Plongée dans mes lectures sur le burn out professionnel, je vous fais part d'un texte sur l'épuisement professionnel de Peters et Mesters (2007 : 8-9) qui laisse à réfléchir. Dès les premières pages, le ton est donné. En voici un extrait:
"Soupçonné parfois par les instances de contrôle d’exagérer leurs plaintes et de profiter des largesses du système, les personnes en burn-out passent de main en main, de traitement en traitement et de contrôle en contrôle.
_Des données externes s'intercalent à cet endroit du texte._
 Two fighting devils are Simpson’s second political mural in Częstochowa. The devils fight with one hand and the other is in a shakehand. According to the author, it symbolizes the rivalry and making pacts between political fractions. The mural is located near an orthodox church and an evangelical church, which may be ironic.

Jusqu'au jour où, soit la catastrophe surgit sous forme de crash mental ou physique, soit par chance, elles rencontrent un professionnel de la santé qui leur intime avec force de taire les scrupules qui les habitent et de s'accorder une pause.
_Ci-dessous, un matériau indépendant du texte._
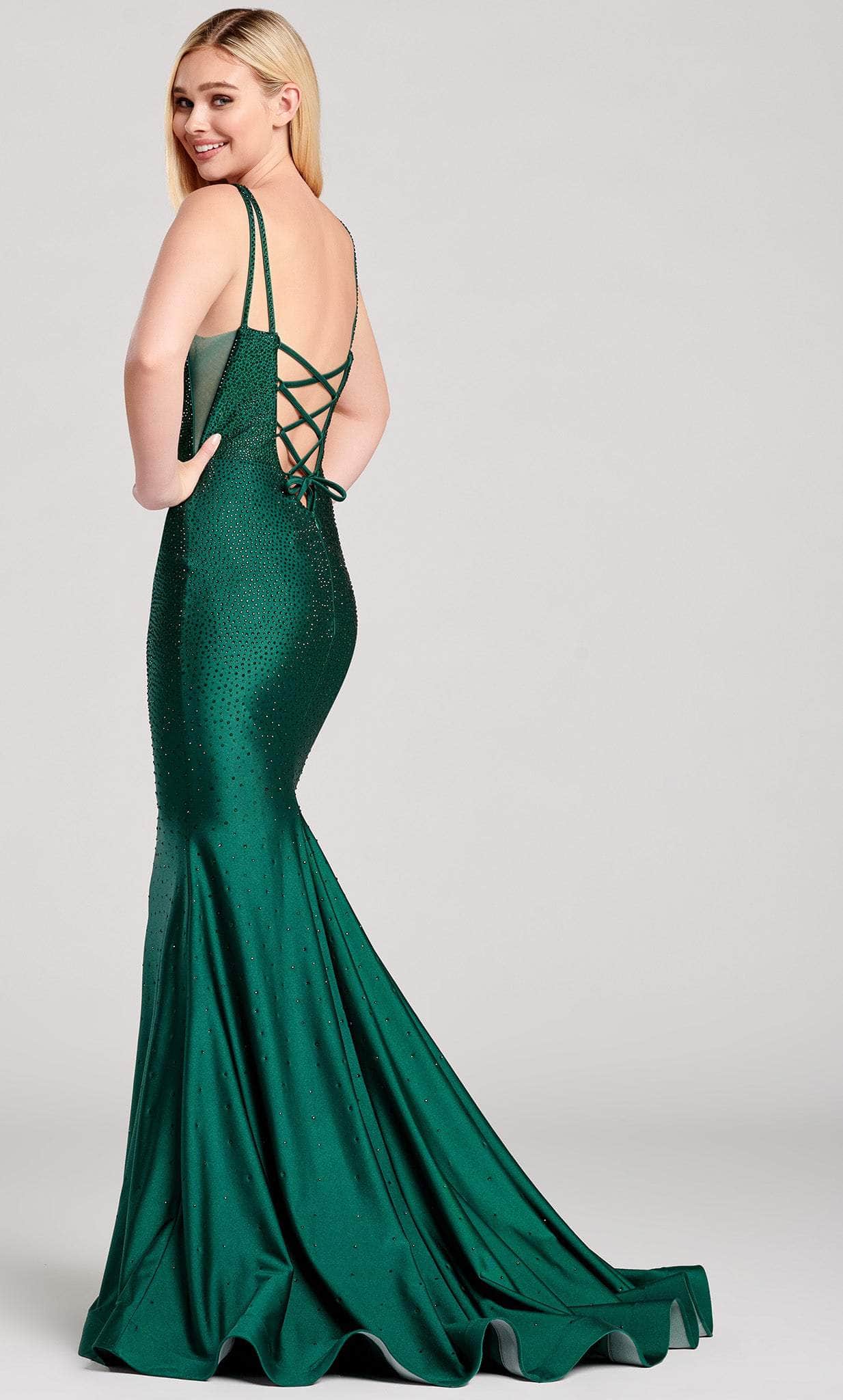 Surround yourself with decadence in a dazzling dress from Ellie Wilde EW22019 dress. This stunning sleeveless fitted bodice with a V-neckline supported by twin spaghetti straps and a lace-up back is beautifully fashioned in sumptuous stretch satin fabric. The skirt is in a full-length hemline flare in a mermaid silhouette and finishes with a sweep train. This style is finished with a center zipper closure in the low back. Mesmerize the crowd with your sophisticated flair in this Ellie Wilde EW22019. Models are wearing Navy Blue and Emerald colors.

Car, de l'infirmière en salle d'opération au cadre supérieur, de la secrétaire de direction au policier consciencieux, le burn out n'affecte que les élites, c'est-à-dire les professionnels qui embrassent leur métier avec idéal et générosité. Il s'agit de personnes qui croient en la plus-value qu'ils apportent à l'entreprise, l'organisation ou le système qui les emploient. Aveuglé par la conviction et l'enthousiasme, ils peuvent déplacer montagnes, projets et fortunes.
Avant la débâcle, le candidat au burn out est une aubaine pour les entreprises. Excellent professionnel, il brûle d'un feu céleste et se nourrit de l'air qui fait les champions. Il se mesure aux défis, tire des plans sur des comètes qu'il habite. Manager, il est reconnu pour son savoir-faire et son enthousiasme.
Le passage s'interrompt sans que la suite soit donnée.